Saturday, March 7, 2009

Gross National Happiness


I am reading a book about Baltistan (in the Himalayan region of Pakistan) that is helping me get over my "we're doomed!!!" phase. Everyone there is poor, basically just clinging to the side of a high mountain, but what they value most is literacy. I don't see why we won't maintain literacy after the crash. It was also in the Himalayas, in the tiny country of Bhutan, that the king decided that there needed to be a new way to define prosperity, that would measure actual well being rather than consumption. He called this measure "Gross National Happiness". An important point was that there should be an infusion of moral and cultural values into the core of the economic policy, something that has been clearly lacking in the US. In using instead the "Gross National Product" to define prosperity, we have clearly been following strategies that have left people with more material possessions, but less psychological well-being. In the New Economics Foundation (NEF) study of 2006 of world happiness the USA ranked at the 150th place.
In a white paper on Gross National Happiness, Med Yones of the International Institute of Management suggests that the role of government should shift from managing economic growth to socioeconomic development.
"American public policy should shift its focus from:

  • The standard of living to the quality of life
  • Material possessions to well-being (physical, mental, and material)
  • Unsustainable economic development to sustainable environmental development
  • Consumerism to investment
  • Economic-driven education to socioeconomic-driven education

  • Government can also make substantial improvements by implementing the following recommendations:

  • Simplify people’s lives through reformed civil laws and taxes.
  • Establish new tax and budget policies in line with public mental, emotional and physical wellness goals. For example, provide funding for the promotion of positive psychology and cultural education in schools, workplaces and public media.
  • Shift policy priority from waging wars - a major source of socioeconomic stress and long-term liability - to local socioeconomic development and foreign collaboration."

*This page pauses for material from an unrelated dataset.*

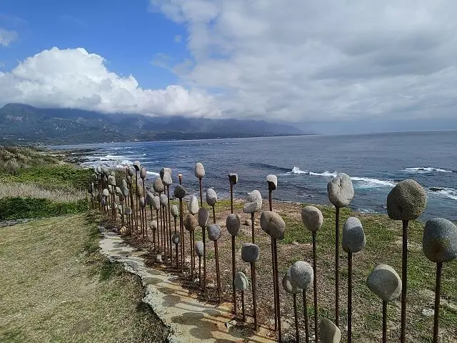 這個以石子和鋼鐵為元素的作品,沿著台東海岸線呈現真的很美。
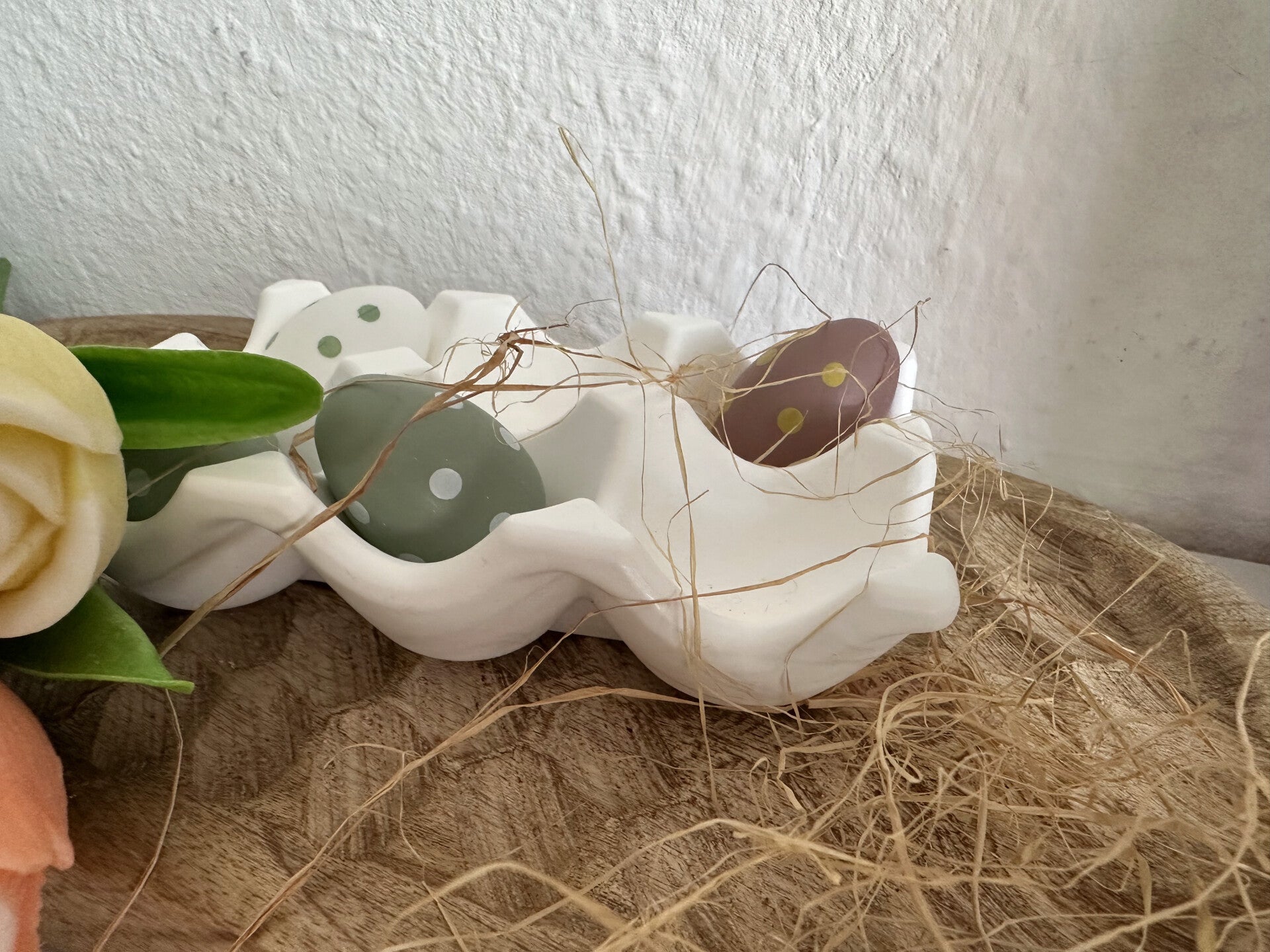 Die Schale dient als deko :-) Mit ihrer geschwungenen form und der matten Oberfläche passt sie perfekt zu cleanen, Interiors – und setzt dennoch einen verspielten, natürlichen Akzent.

  • So, as the flawed economies of mainstream western development model, based on capitalism and free-market enterprise, plunge over Himalayan scale cliffs, it could be just the opportunity we need to reconstruct our economy on a much improved model that is based on principles of life and well being.

    6 comments:

    Anonymous said...

    what a fabulous article! I do think simpler lives are happier lives. We have to do so much paper work and pay so many fees and taxes just to go about our lives. I believe in taxes, but they should be simpler and better spent. I am sitting waiting for my car to be inspected and that's the kind of thing would do away with to improve GNH. Driving a safe car is its own reward, you don't need to legislate it. -Lynnis

    Innes said...

    here's some photos from baltistan:

    http://www.pbase.com/arifakhan/baltistan

    as a blogger who mostly speaks in photos, i appreciate when people illustrate their blog entries for us visual learners (hint, hint)

    innes

    Lona said...

    Picture added from Innes' site of beautiful Baltistan photos.

    Innes said...

    thanks! :-)

    Anonymous said...

    What was the name of the book? Matt

    Lona said...

    The book is called "Three Cups of Tea". I own it so let me know if anyone wants to borrow it.